Our urgent desire for tranquillity must be the force behind last year’s publishing phenomenon. Amazon’s bestselling title last year, Animal Kingdom, a colouring book for grown-ups by Millie Marotta, had sold almost 500 000 copies by Christmas Day. Marotta rationalised its runaway success as “a muchneeded distraction from the ‘grown-up’ world”; a novel way into Pascal’s quiet room.
This year’s self-help books are all hoping to coax us out from vicious mental blocks and bring some form of joy: whether through eating the meaty diet of a Palaeolithic hunter or purging our earthly goods and tidying what remains into neat origami folds, like the Japanese.

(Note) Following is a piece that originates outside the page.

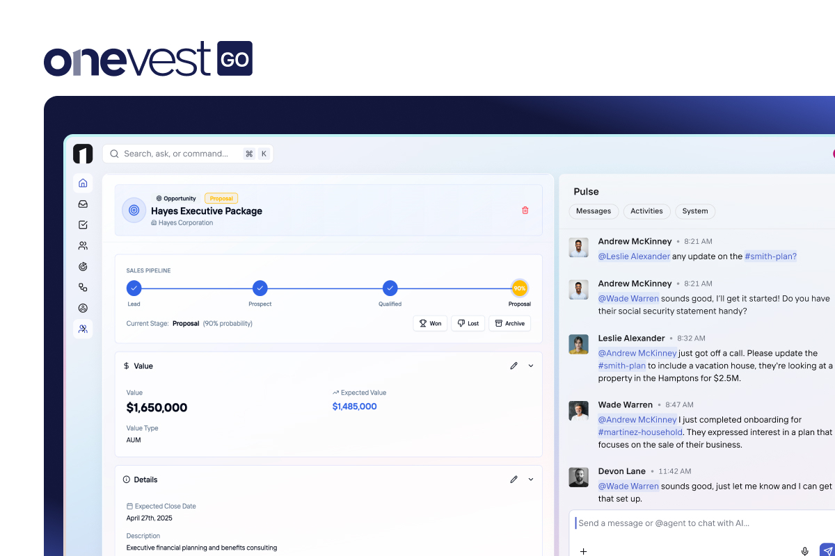 This is a workspace that is leveraging OneVest’s new Pulse feature, where messaging, meetings, and client history live in one continuous stream, allowing your team to collaborate in context instead of jumping between fragmented tools. OneVest GO unifies the disparate tools advisors use every day into one high-velocity workspace: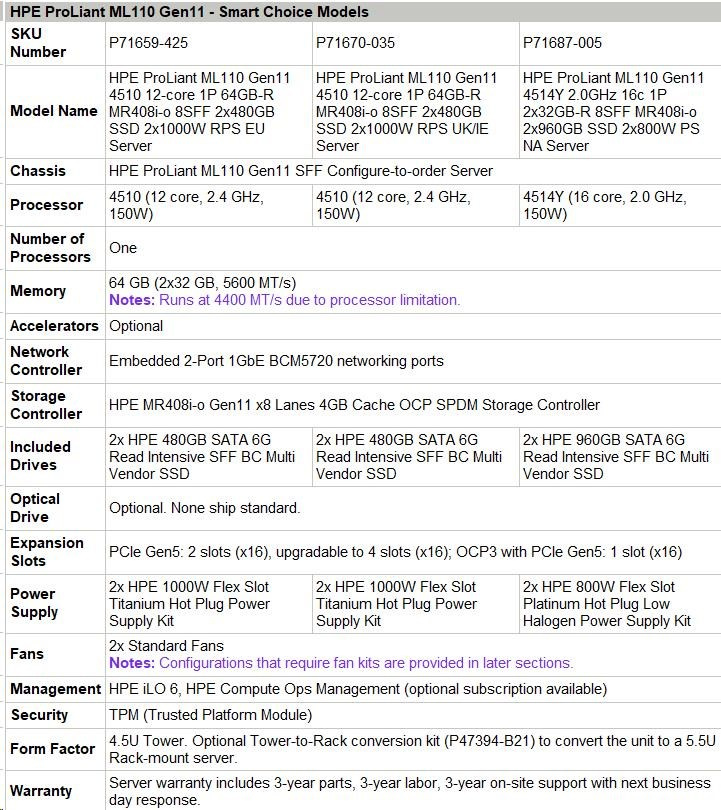 Model Name | HPE ProLiant ML110 Gen11 4510 12-core 1P 64GB-R MR408i-o 8SFF 2x480GB SSD 2x1000W RPS EU Server |

Among the diet books, Broth by Vicki Edgson and Heather Thomas and The Soup Cleanse by Angela Blatteis and Vivienne Vella announce that souping is the new juicing. Another diet stakes its authority in the distant past. The Paleo Diet: Healing Bible by Christine Bailey argues that our guts have not been able to evolve as rapidly as our behaviour. Thus we still carry the internal piping of a Palaeolithic hunter-gatherer. In dietary terms, a human stomach is bemused by dairy, wheat and refined sugar, since it was expecting roots and slabs of beef.
The Paleo Diet satisfies common sense and the palate: endless poached eggs and steaks are allowed, with as many vegetables as one wants (but white potatoes are out).
In contrast, a lifestyle regimen with little patience for those who wallow in the past is to be found in Spark Joy by the Japanese tidying guru Marie Kondo.
However, most of this year’s self-help books shade into one another because most are hawking mindfulness, the meditation method that is on its way to being enshrined as a panacea. Crudely described, it is Buddhist meditation minus all the other beliefs; the mind must observe its thoughts dispassionately — accepting that anxieties are there without actually feeling anxious, for instance.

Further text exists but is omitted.